The Fabric of Security, also known as Cyber Security Fabric or Federated Security, refers to systems designed to protect the Information Systems infrastructure of the home, a corporation or government from malicious attackers. Protection in this sense means guaranteeing the confidentiality, integrity, and the availability of the information stored in the system ("SYSTEM"), and its elements or components.

Unlike endpoint security, network security, web application security, and Internet security, Fabric of Security Systems assume that attacks will be successful, and cannot be averted. Therefore, the emphasis shifts from attempting to prevent unauthorized access to that of minimizing the time to detect the unauthorized access, the time to isolate the unauthorized access from doing harm, and finally, the time to remove the offending process and reconfiguration of the system back into a "SAFE" state.

Security essentials

Security refers to processes and systems designed to protect the assets of an individual, system and/or organization from harm. Computer Security (a.k.a. cyber security) refers to processes and systems designed to protect computer and/or information system assets from harm. In general, such assets are: (1) information/ data, (2) programs and applications, and (3) services. Protecting assets from harm means:

Confidentiality – assets are used/access only by authorized parties (also refer to as secrecy or privacy)

Integrity – assets can be modified only by authorized parties and only in authorize ways (“insider threat”)

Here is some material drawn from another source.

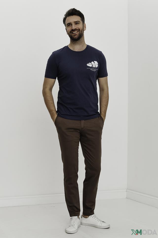 Мужская футболка Marc O Polo синего цвета, украшенная принтом с изображением листа. Изготовлена из 100% хлопка, обеспечивающего комфорт и воздухопроницаемость. Стильный и лаконичный дизайн. Состав: хлопок 100%

Availability – assets are available to authorize parties at time to.

Lampson's Protection Model

In 1971, Butler Lampson introduced the general model of protection of computer or information system assets. Protection systems implemented since then followed Lampson's original formulation, the Access control matrix. Fundamentally the universe is divided into two classes of entities: Objects (which need to be protected) and Subjects (which use the Objects). The Objects are also called Resources and the Subjects are also called Principals.

A resource is an object for which a protection policy has been established. Access to Objects is restricted via a protection system, called a reference monitor, that implements the protection policies of the system. Namely the reference monitor or "Guard System" must: (1) identifies the identity of the Principal claiming access to an object - Principal is identity, (2) authentication - validates that the Principal claiming access to an object is who he/she/it claims to be, and (3) authorization - is the principal claiming access to an object authorized to access said object.